遊びがいっぱいの大きな家(乳児院での遊び活動支援)

  本年度のサバティカル研究活動の大事なフィールドの一つは、ある乳児院です。心理療法担当職員の臨床心理士の方から、乳児院の子ども達を対象に実践をやってもらいたいとの連絡をいただいて、2011年3月に学生達と共にうかがったのが最初のご縁でした。

 障がい児も含む1~4歳までの30名程の子ども達と10数名の職員の方々と一緒に、その年度にちょうど相模原市子育て支援事業で練り上げて完成度の高まっていた「タオルでできるドラマムーブメント!★親子の魔法使い★」をもとにしたプログラムを実施しました。(プログラムの詳しい解説は、小林芳文・大橋さつき著『遊びの場づくりに役立つムーブメント教育・療法明治図書出版、p.95~を参照ください。)

f:id:satsuki-lab:20220407171723j:plain

www.meijitosho.co.jp

 はじめての実践はあくまで単発の企画でしたが、そのとき、子ども達の活き活きした様子に対する驚きや職員の方自身の「楽しかった」という気づきがそのとき確実に生まれていたようで、その後も、「また、ぜひ・・・」とご縁が繋がることになりました。

 子育て支援や障がい乳幼児支援でのお仕事や、また保育士の先生方との関わりはそれ以前にも多く持っていたのですが、恥ずかしながら、私、このご縁で初めて「乳児院」という施設のことを詳しく知りました。

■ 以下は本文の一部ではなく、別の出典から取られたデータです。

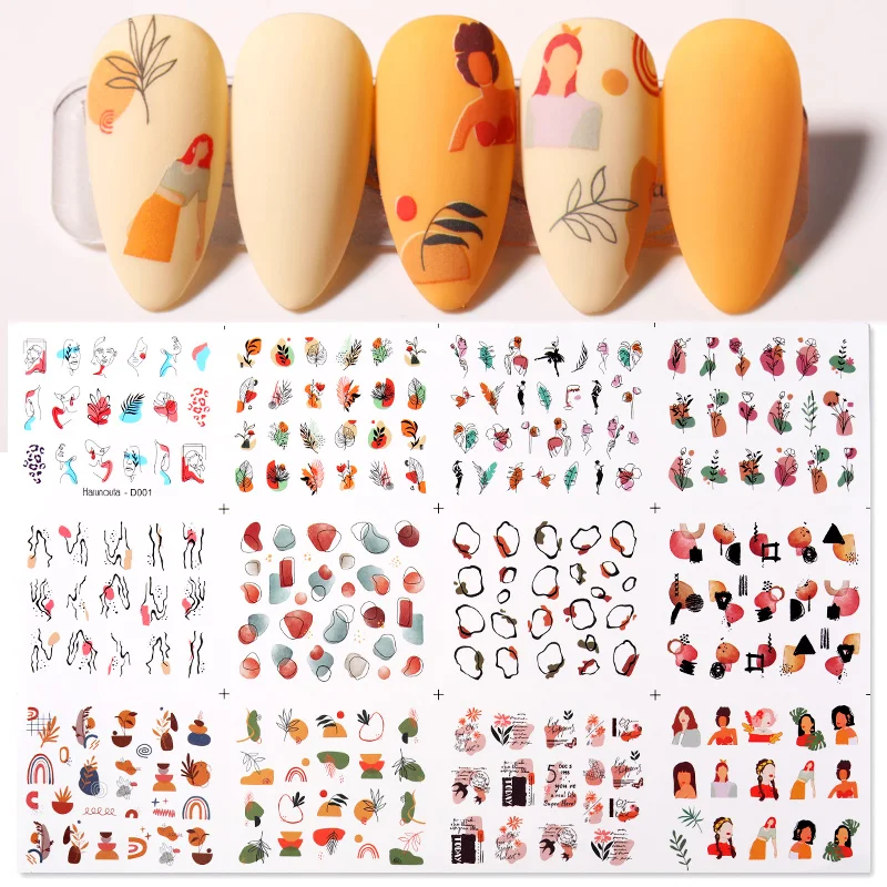 12 видов стилей ногтей Водные Наклейки абстрактные леди уход за кож...

f:id:satsuki-lab:20220407172753j:plain

 乳児院は、児童福祉法に基づく認可施設で、様々な事情から家庭で暮らすことができなくなった 0歳から就学前までの子ども達を保護者の代わりに預かって24時間体制で世話をするところです。

 様々な事情というのは、例えば、保護者の離婚や別居、病気、入院、出産、家出、死亡などで子どもの世話ができなくなったとき、経済的な事情や、家庭環境に問題があって子育てができないとき、家族が病気や事故で入院し、付き添わなければならなくなったとき、育児に不安があるとき・・・など、本当に「様々」で、一時的に預けられる子もいれば、生まれたときからずっと・・・という子もいるようです。

 乳児院では、保育士、看護師、心理士など、専門のスタッフの方々が、家庭に近い環境を大事にしながら、一人一人の子どもを育み、同時に家庭復帰や里親委託ができるよう専門機関と連携しながら親子関係、家族関係の再構築に向けて保護者支援に臨んでいます。

   しかし、様々な事情から、乳児院を出た後も児童養護施設などに生活の場を移す子ども達もいるのだそうです。

  「乳児院」という場を知れば知るほど、子ども達も職員の方々も独特の事情を抱えて生活し、仕事されていることが解ってきました。

 子ども達にはそれぞれに様々な背景があり、発達に遅れがある子もいますし、問題行動を起こす子もいます。子ども達に親代わりの担当職員がつきますが、やはり1対1の対応は不可能です。また、どんなに愛情をもって育んでもあくまでいずれは巣立っていく子ども達で、家庭復帰や里親との新しい関係を築くことを期待されています。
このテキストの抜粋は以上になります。